## Action item
Where the line holding "Later, Thomas is" appears, start copying, and continue exactly through the last line of the listing, skipping pictures.

## Exercise material

= Beginning of Section =

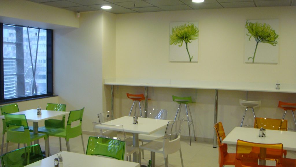 Another important topics was the supply of the internal bistro / canteen area where transparent, elegant products were designed specifically to match the interior thinking of the Greek architects.
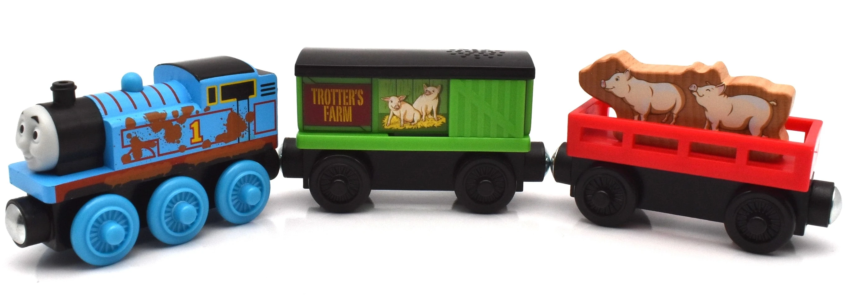 Later, Thomas is transporting some pigs to Farmer Trotter's pig farm and spots the photographer about to take a photograph of Percy. Thomas speeds up and blocks Percy out of the photograph. Percy is surprised and swerves into a siding and ends up in a big pile of coal. Thomas carries on, unaware of Percy's accident. On his way to the farm, Thomas passes through Maron as Gordon thunders past with the express. Thomas is sure that Gordon will not have been in a photograph yet and decides to find the photographer to have another photo taken. At a junction, the photographer is waiting to take a photograph of James. Thomas wants to be in James' photograph and speeds up, resulting in Thomas blocking James out of the photo. James is surprised and veers into a siding, destroying a set of buffers and derailing. Thomas is so busy feeling pleased with himself, he does not notice James' derailment.
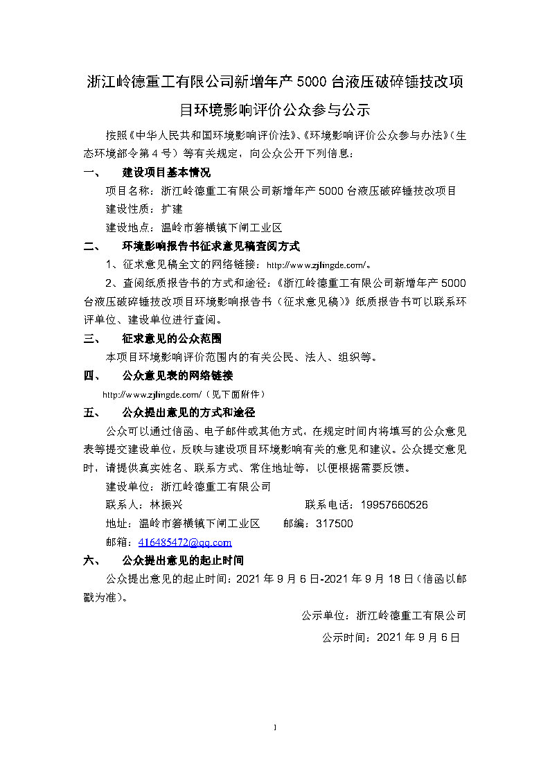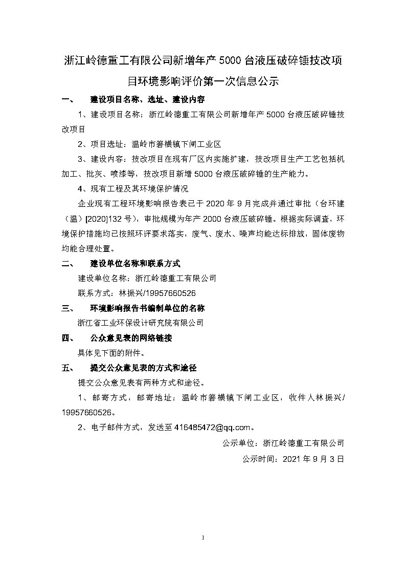 浙江嶺德重工有限公司新增年產(chǎn)5000臺液壓破碎錘技改項目環(huán)境影響評價第一次信息公示
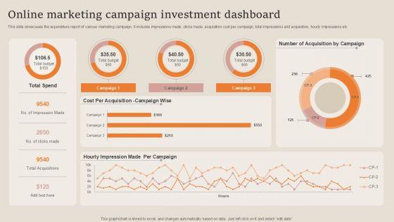 This slide showcases the expenditure report of various marketing campaign. It includes impressions made, clicks made, acquisition cost per campaign, total impressions and acquisition, hourly impressions etc. Showcasing this set of slides titled Online Marketing Campaign Investment Dashboard Topics PDF. The topics addressed in these templates are Online Marketing Campaign, Investment Dashboard. All the content presented in this PPT design is completely editable. Download it and make adjustments in color, background, font etc. as per your unique business setting.
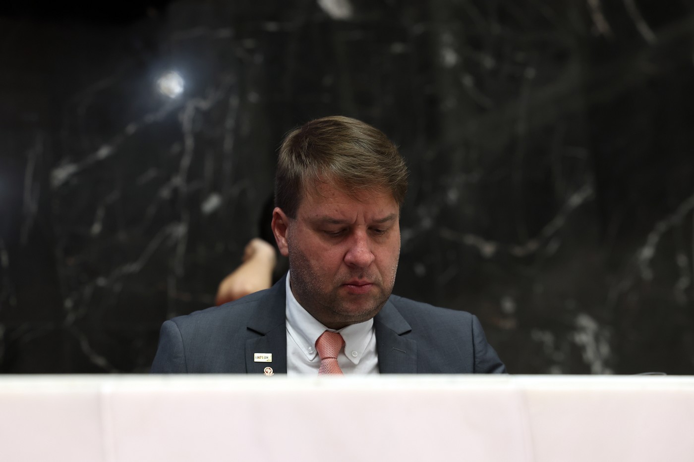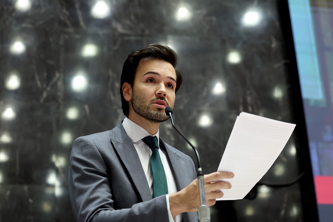 O Deputado Estadual e Presidente da ALMG, Tadeu Leite, durante seu discurso. Foto: Elizabete Guimarães | ALMG

= End of Section =

## Finished exercise
 Later, Thomas is transporting some pigs to Farmer Trotter's pig farm and spots the photographer about to take a photograph of Percy. Thomas speeds up and blocks Percy out of the photograph. Percy is surprised and swerves into a siding and ends up in a big pile of coal. Thomas carries on, unaware of Percy's accident. On his way to the farm, Thomas passes through Maron as Gordon thunders past with the express. Thomas is sure that Gordon will not have been in a photograph yet and decides to find the photographer to have another photo taken. At a junction, the photographer is waiting to take a photograph of James. Thomas wants to be in James' photograph and speeds up, resulting in Thomas blocking James out of the photo. James is surprised and veers into a siding, destroying a set of buffers and derailing. Thomas is so busy feeling pleased with himself, he does not notice James' derailment.
 浙江嶺德重工有限公司新增年產(chǎn)5000臺液壓破碎錘技改項目環(huán)境影響評價第一次信息公示
 This slide showcases the expenditure report of various marketing campaign. It includes impressions made, clicks made, acquisition cost per campaign, total impressions and acquisition, hourly impressions etc. Showcasing this set of slides titled Online Marketing Campaign Investment Dashboard Topics PDF. The topics addressed in these templates are Online Marketing Campaign, Investment Dashboard. All the content presented in this PPT design is completely editable. Download it and make adjustments in color, background, font etc. as per your unique business setting.
 O Deputado Estadual e Presidente da ALMG, Tadeu Leite, durante seu discurso. Foto: Elizabete Guimarães | ALMG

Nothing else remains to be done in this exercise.